Note: We worked out several examples in class where we found out that the above function acually takes the values between 0 and 1, but multiplies the number by the maximum intensity value as determined by the class type to get the intensity values.  For instance [0 1] for data of uint8 type is the same as [0  255].  Fractions are worked out in a similar way.

gamma

Exercise 2.3
The following image is a gray scale brain image in jpeg format.  You can save the image in your working directory by right clicking on the image, then use Save As to save it.  Apply the imadjust with 5 different gamma values to adjust the existing intensity values on the image to the range [0 to 255].  Copy the results in your MS word file.  Note that I haven't asked for any particular gamma values, but it is best to spread them such that you get a feeling of how the above three options will work.   I.e., it is perhaps best to have gamma = 1, and two other on either side of 1.

im1
Image (1)

Depending on the values you have selected for the above 5 cases, you have noticed some changes in the output image.  Create a table similar to the one shown below and summarize the effect of each gamma value in that table.  Place Yes/No.
gamma values (fill out to match your values)
Values closer to the min  intensity became smaller
Values closer to the max  intensity became larger Overall image become brighter
Overall image became darker










1















Side note:  If you want to find the minimum and maximum value in the image, you can use:
minf = min(min(f))      or         maxf = max(max(f))

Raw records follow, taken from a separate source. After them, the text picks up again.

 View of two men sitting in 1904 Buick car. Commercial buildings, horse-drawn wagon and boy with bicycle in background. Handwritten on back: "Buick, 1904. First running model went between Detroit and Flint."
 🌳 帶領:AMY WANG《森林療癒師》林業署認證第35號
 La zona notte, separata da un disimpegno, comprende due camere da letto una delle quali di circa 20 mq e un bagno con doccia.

Post-Lab - Due Wednesday September 27

Include all our MATLAB files in your submission and the images you have created in your MS Word file.

Question (1) - Use the imadjust MATLAB command to solve the Exercise 2.3 problem above.  Please include the images and use the whos command to create a table for the size of the images (in bytes or bits) after each stage.

Question (2) - Use either the nearest neighbor interpolation or pixel replication (whichever you find most suitable or easier to use), the concepts introduced in this lab, and the material in Chapter (3) and Chapter (4) of the textbook to:

    a) Shrink the above images by 2
    b) Shrink the above image by 4
    c) Zoom in (enlarge) by 2
    d) Zoom in by 4

Question (3) - Implement the Bit-Plane Slicing for Image (1), which is an 8-bit image.  Thus, first use the procedure I have given in the Quiz (4) and in the worksheet to create 8 images for each of the Bit Planes.  Note that I haven's ask for reconstruction.